WORK REQUIRED:
The result should be the lines from the one that contains "The Nike Off-White" to the final line of the entries below, copied exactly and with no pictures.

Stored items
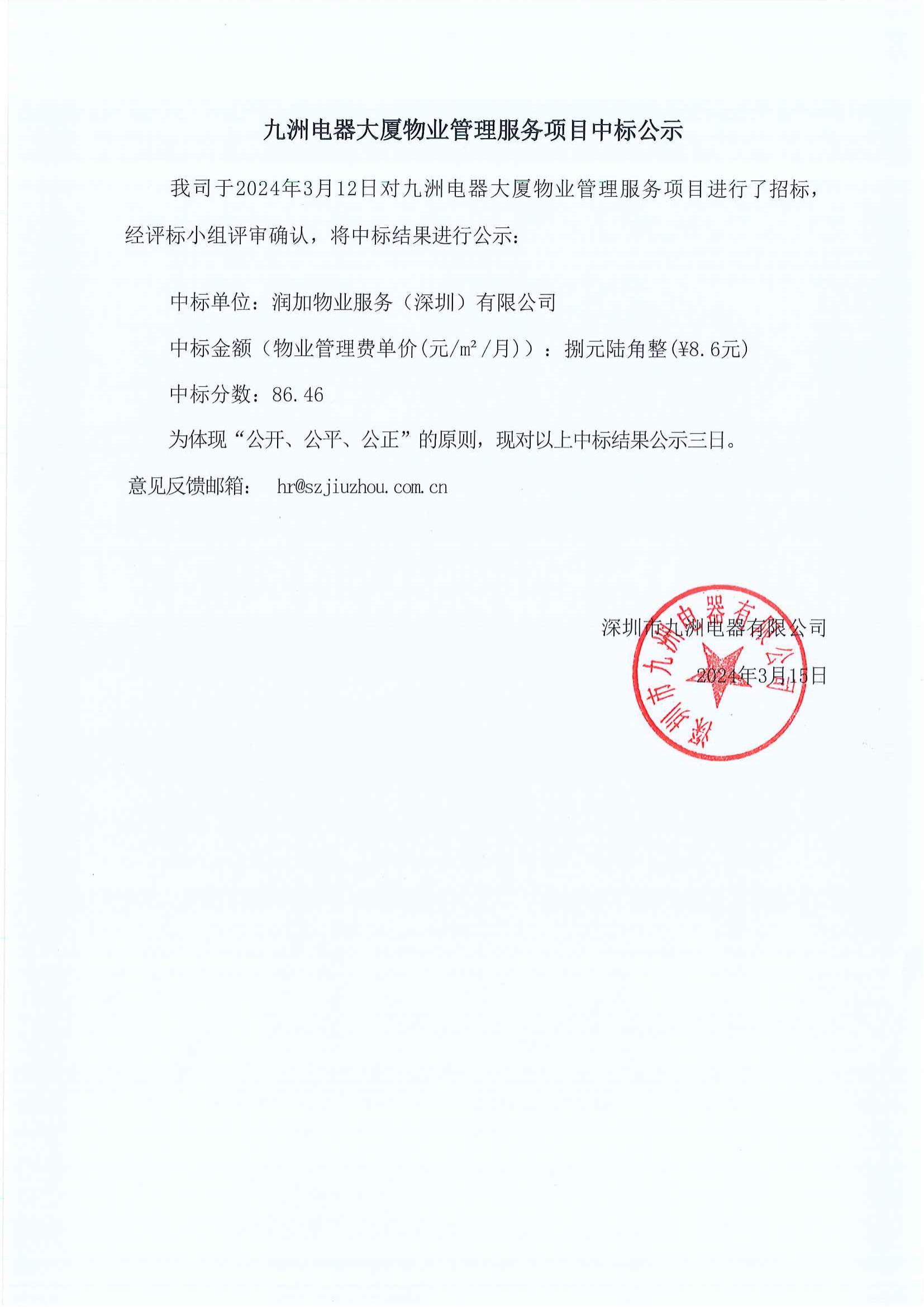 九洲電器大廈物業(yè)管理服務(wù)項(xiàng)目中標(biāo)公示
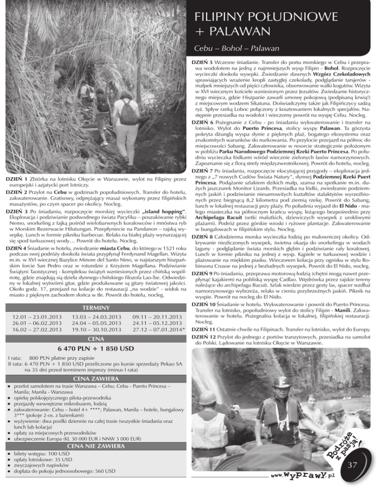 FILIPINY POŁUDNIOWE + PALAWAN Cebu – Bohol – Palawan DZIEŃ 5 Wczesne śniadanie. Transfer do portu morskiego w Cebu i przeprawa wodolotem na jedną z najmniejszych wysp Filipin - Bohol. Rozpoczęcie wycieczki dookoła wysepki. Zwiedzanie sławnych Wzgórz Czekoladowych sprawiających wrażenie kropli zastygłej czekolady, podglądanie tarsjerów małpek mniejszych od pięści człowieka, obserwowanie walki kogutów. Wizyta w XVI wiecznym kościele wzniesionym przez Jezuitów. Zwiedzanie historycznego miejsca, gdzie Hiszpanie zawarli umowę pokojową (podpisaną krwią!) z miejscowym wodzem Sikatuna. Doświadczymy także jak Filipińczycy sadzą ryż. Spływ rzeką Loboc połączony z kosztowaniem lokalnych specjałów. Następnie przesiadka na wodolot i wieczorny powrót na wyspę Cebu. Nocleg. DZIEŃ 6 Pożegnanie z Cebu - po śniadaniu wykwaterowanie i transfer na lotnisko. Wylot do Puerto Princesa, stolicy wyspy Palawan. Ta górzysta pokryta dżunglą wyspa słynie z pięknych plaż, bogatego ekosystemu oraz znakomitych warunków do nurkowania. Po przylocie przejazd na północ do miejscowości Sabang. Zakwaterowanie w resorcie strategicznie położonym w pobliżu Parku Narodowego Podziemnej Rzeki Puerto Princesa. Po południu wycieczka łódkami wśród wiecznie zielonych lasów namorzynowych. Zapoznanie się z florą strefy międzyzwrotnikowej. Powrót do hotelu, nocleg. DZIEŃ 1 Zbiórka na lotnisku Okęcie w Warszawie, wylot na Filipiny przez europejski i azjatycki port lotniczy. DZIEŃ 2 Przylot na Cebu w godzinach popołudniowych. Transfer do hotelu, zakwaterowanie. Gratisowy, odprężający masaż wykonany przez filipińskich masażystów, po czym spacer po okolicy. Nocleg. DZIEŃ 7 Po śniadaniu, rozpoczęcie ekscytującej przygody – eksploracja jednego z „7 nowych Cudów Świata Natury”, słynnej Podziemnej Rzeki Puert Princesa. Podążanie szlakiem dzikich małp, szansa na spotkanie m.in. dużych jaszczurek Monitor Lizards. Przesiadka na łódki, zwiedzanie podziemnych jaskiń i podziwianie niesamowitych kształtów stalaktytów wyrzeźbionych przez biegnącą 8,2 kilometra pod ziemią rzekę. Powrót do Sabang, lunch w lokalnej restauracji przy plaży. Po południu wyjazd do El Nido - małego miasteczka na północnym krańcu wyspy, leżącego bezpośrednio przy Archipelagu Bacuit (setki malutkich, dziewiczych wysepek z urokliwymi plażami). Podróż przez górskie wioski i ryżowe plantacje. Zakwaterowanie w bungalowach w filipińskim stylu. Nocleg. DZIEŃ 3 Po śniadaniu, rozpoczęcie morskiej wycieczki „island hopping”. Eksploracja i podziwianie podwodnego świata Pacyfiku – poszukiwanie rybki Nemo, snorkeling z fajką pośród wielobarwnych koralowców i mnóstwa ryb w Morskim Rezerwacie Hilutungan. Przepłyniecie na Pandanon – rajską wysepkę. Lunch w formie pikniku barbecue. Relaks na białej plaży wynurzającej DZIEŃ 8 Całodzienna morska wycieczka łodzią po malowniczej okolicy. Odsię spod turkusowej wody… Powrót do hotelu. Nocleg. krywanie niezliczonych wysepek, świetna okazja do snorkelingu w wodach DZIEŃ 4 Śniadanie w hotelu, zwiedzanie miasta Cebu, do którego w 1521 roku laguny - podglądanie świata morskich głębin i podziwianie rafy koralowej. podczas swej podróży dookoła świata przypłynął Ferdynand Magellan. Wizyta Lunch w formie pikniku na jednej z wysp. Kąpiele w turkusowej wodzie i m.in. w XVI wiecznej Bazylice Minore del Santo Nino, w najstarszym hiszpańplażowanie na miękkim piasku. Wieczorem kolacja przy ognisku w stylu Roskim forcie San Pedro oraz w rotundzie z Krzyżem Magellana. Podziwianie binsona Crusoe na jednej z bezludnych wysepek. Powrót do El Nido, nocleg. Świątyni Taoistycznej - kompleksu świątyń wzniesionych przez chińską wspól- DZIEŃ 9 Po śniadaniu, przeprawa motorową łodzią (chętni mogą nawet przenotę, gdzie znajdują sią dzieła słynnego chińskiego filozofa Lao-Tse. Odwiedzipłynąć kajakiem) na pobliską wyspę Cadlao. Wędrówka przez rajskie tereny ny w lokalnej wytwórni gitar, gdzie produkowane są gitary światowej jakości. należące do archipelagu Bacuit. Szlak wiedzie przez gesty las, spacer wzdłuż Około godz. 17, przejazd na kolacje do restauracji „na wodzie” - widok na namorzynowego wybrzeża, relaks w cieniu przybrzeżnych jaskiń. Piknik na miasto z pięknym zachodem słońca w tle. Powrót do hotelu, nocleg. wyspie. Powrót na nocleg do El Nido. TERMINY 12.01 – 23.01.2013 26.01 – 06.02.2013 16.02 – 27.02.2013 13.03 – 24.03.2013 24.04 – 05.05.2013 19.10 – 30.10.2013 09.11 – 20.11.2013 24.11 – 05.12.2013 27.12 – 07.01.2014* CENA 6 470 PLN + 1 850 USD DZIEŃ 10 Śniadanie w hotelu. Wykwaterowanie i powrót do Puerto Princesa. Transfer na lotnisko, popołudniowy wylot do stolicy Filipin - Manili. Zakwaterowanie w hotelu. Pożegnalna kolacja w lokalnej, filipińskiej restauracji. Nocleg. DZIEŃ 11 Ostatnie chwile na Filipinach. Transfer na lotnisko, wylot do Europy. DZIEŃ 12 Przylot do jednego z portów tranzytowych, przesiadka na samolot do Polski. Lądowanie na lotnisku Okęcie w Warszawie. I rata: 800 PLN płatne przy zapisie II rata: 6 470 PLN + 1 850 USD przeliczone po kursie sprzedaży Pekao SA na 35 dni przed terminem imprezy (minus I rata) CENA ZAWIERA ·przelot samolotem na trasie Warszawa – Cebu; Cebu - Puerto Princesa – Manila; Manila - Warszawa · opiekę polskojęzycznego pilota-przewodnika · przejazdy wewnętrzne mikrobusem, łodzią ·zakwaterowanie: Cebu – hotel 4+ ****; Palawan, Manila – hotele, bungalowy 3*** (pokoje 2-os. z łazienkami) ·wyżywienie: dwa posiłki dziennie na całej trasie (wszystkie śniadania oraz lunch lub kolacja) · opłaty za miejscowych przewodników · ubezpieczenie Europa (KL 30 000 EUR i NNW 3 000 EUR) CENA NIE ZAWIERA · · · · bilety wstępu: 100 USD opłaty lotniskowe: 35 USD zwyczajowych napiwków dopłata do pokoju jednoosobowego: 560 USD 37
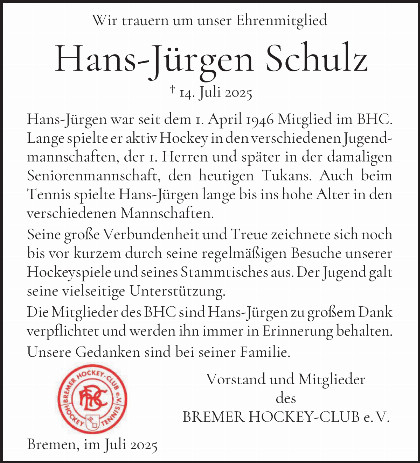 * 30.11.1929 in Bremen† 14.07.2025 in Bremen
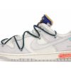 The Nike Off-White Lot 28 features a white leather base , coupled with gray leather inserts. There are several purple accents on the zip tye, laces and tongue. The 28 of 50 and the NIKE branding on the heel complete the look.
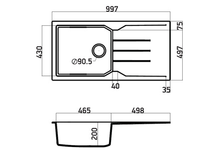 Νεροχύτης κουζίνας από φυσικό ορυκτό γρανίτη & συνθετικές ρητίνες. Αντιστρεφόμενος σχεδιασμός με 1 ευρύχωρη γούρνα και επιφάνεια αποστράγγισης.
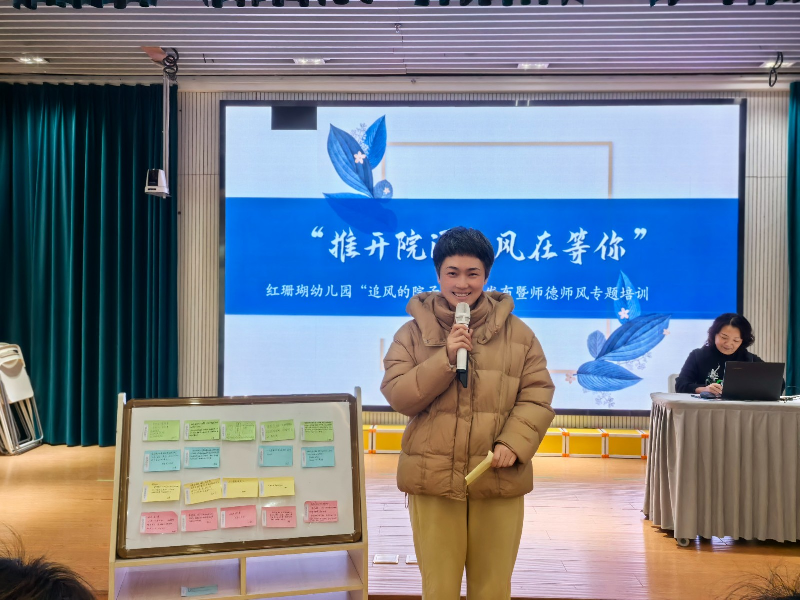 活动中,厉园长从院子的根、追风的翼、风的方向三大篇章,为老师们系统解读“追风的院子”核心理念,清晰阐释了院子的三重根脉与追风的多元内涵,也赋予了风四季信使、文化载体、成长隐喻的深层意义,同时确定以“四季共玩节”作为理念落地的核心载体。随后的互动环节里,老师们纷纷书写并分享了自己心中的“追风的院子”,一个个自由温暖、兼具自然野趣与生活烟火的教育图景被勾勒出来,也传递出大家共筑美好教育环境的热切期待。
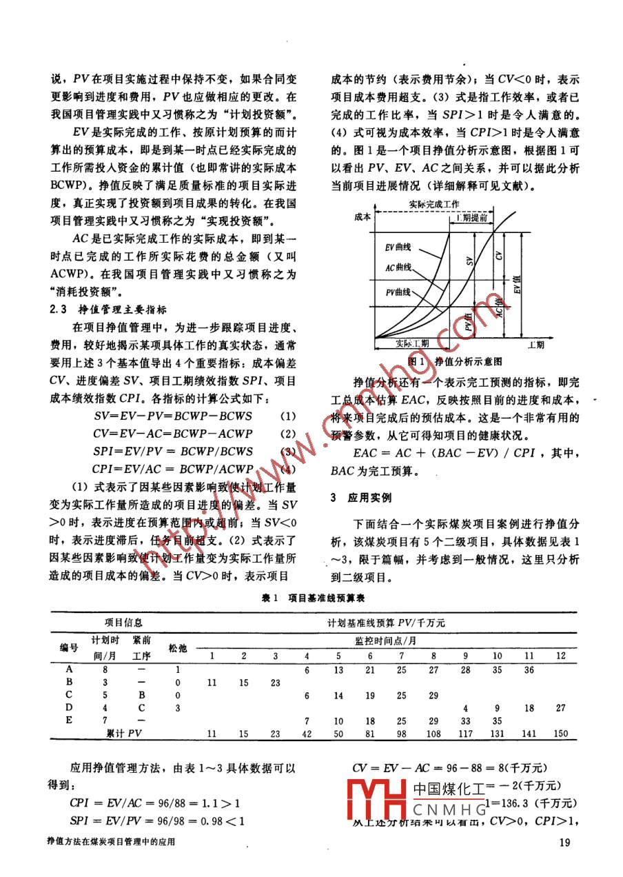 掙值方法在煤炭項(xiàng)目管理中的應(yīng)用
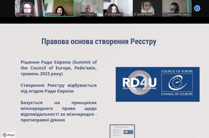 Студенти також дізналися про Реєстр збитків, його механізм, мету, правову основу та правила членства. Вони ознайомилися з категоріями заяв, які можна подати до Реєстру, алгоритмом їх подання та подальшими кроками, зокрема компенсаційним механізмом. Учасники заходу також обговорили значення Реєстру для України.
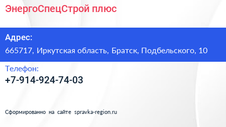 ЭнергоСпецСтрой плюс по адресу 665717, Иркутская область, Братск, Подбельского, 10 в дальнейшем Организация, размещена в следующих категориях:
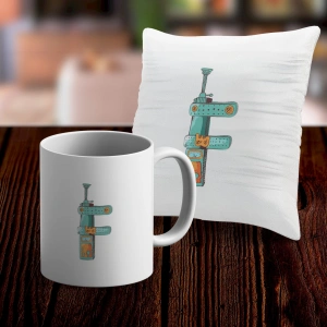 F Harfi Tasarımlı Kupa ve Yastık Kılıfı Hediye Seti

PROBLEM SOLUTION:
 The Nike Off-White Lot 28 features a white leather base , coupled with gray leather inserts. There are several purple accents on the zip tye, laces and tongue. The 28 of 50 and the NIKE branding on the heel complete the look.
 Νεροχύτης κουζίνας από φυσικό ορυκτό γρανίτη & συνθετικές ρητίνες. Αντιστρεφόμενος σχεδιασμός με 1 ευρύχωρη γούρνα και επιφάνεια αποστράγγισης.
 活动中,厉园长从院子的根、追风的翼、风的方向三大篇章,为老师们系统解读“追风的院子”核心理念,清晰阐释了院子的三重根脉与追风的多元内涵,也赋予了风四季信使、文化载体、成长隐喻的深层意义,同时确定以“四季共玩节”作为理念落地的核心载体。随后的互动环节里,老师们纷纷书写并分享了自己心中的“追风的院子”,一个个自由温暖、兼具自然野趣与生活烟火的教育图景被勾勒出来,也传递出大家共筑美好教育环境的热切期待。
 掙值方法在煤炭項(xiàng)目管理中的應(yīng)用
 Студенти також дізналися про Реєстр збитків, його механізм, мету, правову основу та правила членства. Вони ознайомилися з категоріями заяв, які можна подати до Реєстру, алгоритмом їх подання та подальшими кроками, зокрема компенсаційним механізмом. Учасники заходу також обговорили значення Реєстру для України.
 ЭнергоСпецСтрой плюс по адресу 665717, Иркутская область, Братск, Подбельского, 10 в дальнейшем Организация, размещена в следующих категориях:
 F Harfi Tasarımlı Kupa ve Yastık Kılıfı Hediye Seti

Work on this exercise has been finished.